Причиной теперешнего антисемитизма в России является бестактность еврейских большевиков. Еврейские большевики, не все, но безответственные мальчишки, участвуют в осквернении святынь русского народа. Они превратили церкви в кинематографы и читальни, они не посчитались с чувствами русского народа. Еврейские большевики должны были эти дела оставить для русских большевиков. Русский мужик хитер и скрытен. Он тебе на первых порах состроит кроткую улыбку, но в глубине души затаит ненависть к еврею, который посягнул на его святыни.

Мы должны бороться против этого. Ради будущего евреев в России надо предостеречь еврейских большевиков: держитесь поодаль от святынь русского народа! Вы способны на другие, более важные дела. Не вмешивайтесь в дела, касающиеся русской церкви и русской души!

Конечно, евреи не виноваты. Среди большевиков много провокаторов, старых русских чиновников, бандитов и всяких бродяг. То, что большевики послали именно евреев, еврейских беспомощных и безответственных юнцов на такие дела, пахнет, конечно, провокацией. Но евреи должны были воздержаться. Они должны были понять, что их действия отравят душу русского народа. Им надо было это учесть.

Еврейские большевики понимания не проявили. Эстер Фрумкина, одна из руководительниц Еврейской секции, обвинила Горького в том, что он принял «участие... в заграничной травле евреев-коммунистов за их самоотверженную борьбу против тьмы и фанатизма», а Илья Трайнин, редактор «Жизни национальностей» и ведущий большевистский специалист по «национальному вопросу», сказал, что «буревестник Революции» окончательно увяз в «болоте обывателя». Впрочем, с доводами его они согласились. Троцкий отказался занять пост комиссара внутренних дел, не желая «давать врагам такое дополнительное оружие, как мое еврейство» (несмотря на уверения Ленина, что нет задачи более важной, чем борьба с контрреволюцией, и «нет лучшего большевика, чем Троцкий»). Кроме того, в протоколах заседания Политбюро от 18 апреля. 1919 года приводится следующее заявление Троцкого:

Огромный процент работников прифронтовых ЧК, прифронтовых и тыловых исполкомов и центральных советских учреждений составляют латыши и евреи... процент их на фронте сравнительно невелик и... по этому поводу среди красноармейцев ведется и находит некоторый отклик сильнейшая шовинистическая агитация... Необходимо перераспределение партийных сил в смысле более равномерного распределения работников всех национальностей между фронтом и тылом.

Большевики продолжали извиняться за относительно высокий процент евреев в их рядах, пока тема эта не стала запретной в середине 1930-х годов. Согласно Луначарскому, в нашем революционном движении еврейство сыграло столь выдающуюся роль, что, когда революция победила и организовала государственную власть, значительное количество евреев вошло в органы государства; они завоевали право на это своей преданной, самоотверженной службой революции. Тем не менее, это обстоятельство учитывается антисемитами как минус и для евреев, и для революционной власти.

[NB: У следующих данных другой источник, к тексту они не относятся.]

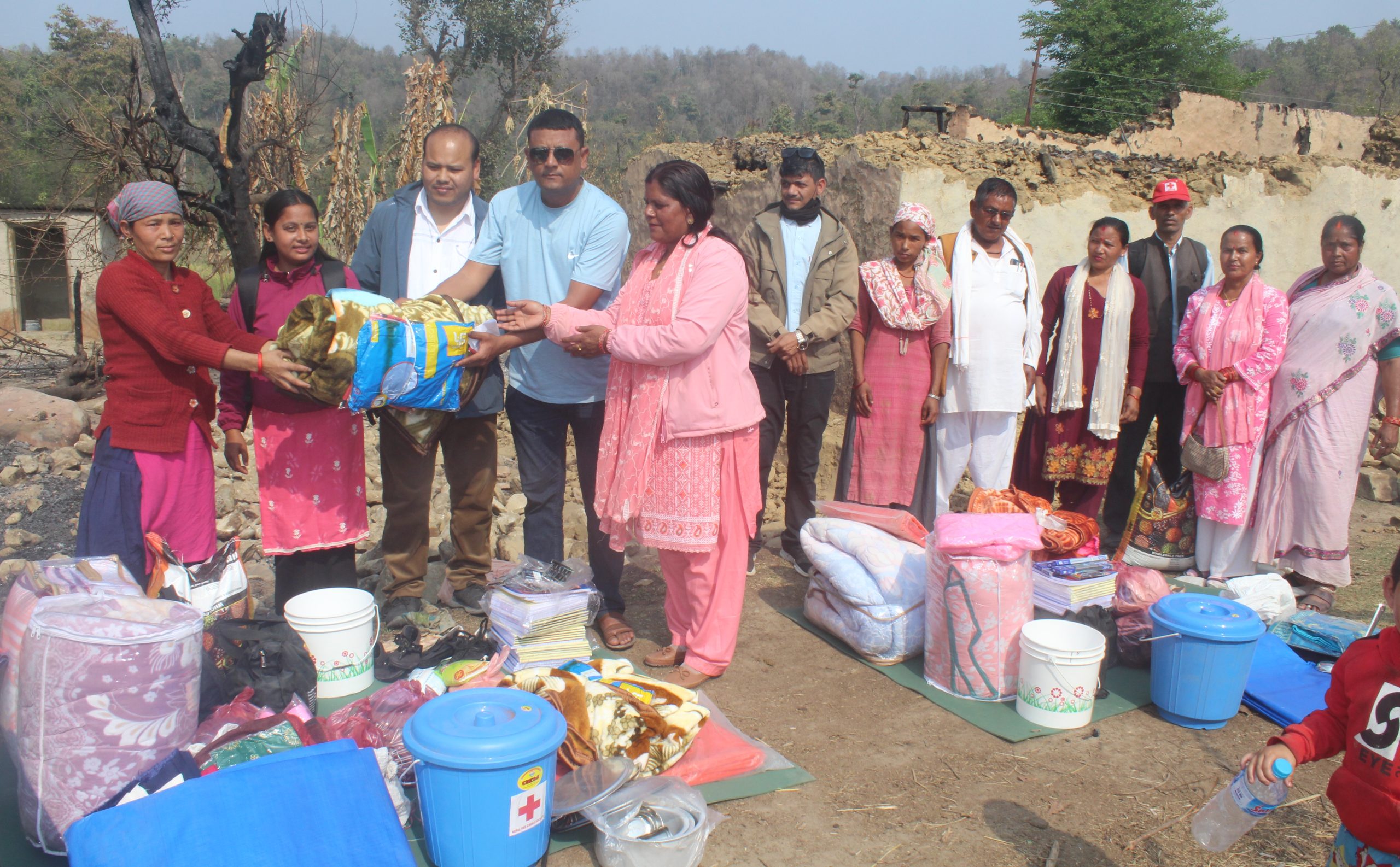 दाङ । देउखुरीको राजपुर गाउँपलिका र विभिन्न संघ,संस्थाले पालिकाको वडा नम्बर ४ मुङ्ग्रेठा खोलाका अग्नि पीडितलाई बुधबार राहत प्रदान गरेको छ । यहीँ चैत ६ गते आगलागीबाट खिमराज साहु,निर्मला भण्डारी,झुपलाल रानाको घर,गोठ जलेर नस्ट भएपछि घर बिहिन भएका अग्नि पीडितहरुलाइ सम्पूर्ण निकायबाट संकलित भएको नगद सहितको राहत गाउँपालिका मार्फत प्रदान गरिएको हो । राजपुर गाउँपालिकाले […]

Мало того, еврейское пролетарское население — по преимуществу городское, развитое. Естественным образом, при общем росте нашей страны, когда с него сняли старые путы, оно поднялось в известном проценте к более ли менее руководящим постам.

Из этого делают вывод: ага, значит, революция и еврейство в каком-то смысле тождественны! И это дает возможность контрреволюционерам говорить о «засилии» евреев, хотя дело объясняется очень просто: нашу революцию сделало городское население, оно по преимуществу и заняло руководящее положение, среди него еврейство составляет значительный процент...

Антисемитов, националистов и сторонников пропорционального представительства вряд ли удовлетворяли подобного рода простые объяснения, но это не имело большого значения, пока некоторым из них не удалось — к середине 1930-х годов — подняться в известном проценте к более или менее руководящим постам. А до тех пор, евреи-большевики оставались заметным элементом официальной иконографии — как трагические герои или просто как знакомые лица в рядах Красной Армии или за председательскими столами.

Одной из самых популярных книг о Гражданской войне была «Конармия» Бабеля — внутренняя история мучительного и незавершенного превращения икающего еврейского мальчика с синей раздутой головой в отчаянного казака, не ведающего страха и милосердия. А двигала им любовь — горькая, горячая и безнадежная любовь Меркурия к Аполлону.

Савицкий, начдив-шесть, встал, завидев меня, и я удивился красоте гигантского его тела. Он встал и пурпуром своих рейтуз, малиновой шапочкой, сбитой набок, орденами, вколоченными в грудь, разрезал избу пополам, как штандарт разрезает небо. От него пахло духами и приторной прохладой мыла. Длинные ноги его были похожи на девушек, закованных до плеч в блестящие ботфорты.

Он улыбнулся мне, ударил хлыстом по столу и потянул к себе приказ, только что отдиктованный начальником штаба.

Приказ требовал «уничтожить неприятеля», а наказанием за невыполнение была высшая мера наказания, применяемая «на месте» самим Савицким.

Начдив-шесть подписал приказ с завитушкой, бросил его ординарцам и повернул ко мне серые глаза, в которых танцевало веселье.

Я подал ему бумагу о прикомандировании меня к штабу дивизии.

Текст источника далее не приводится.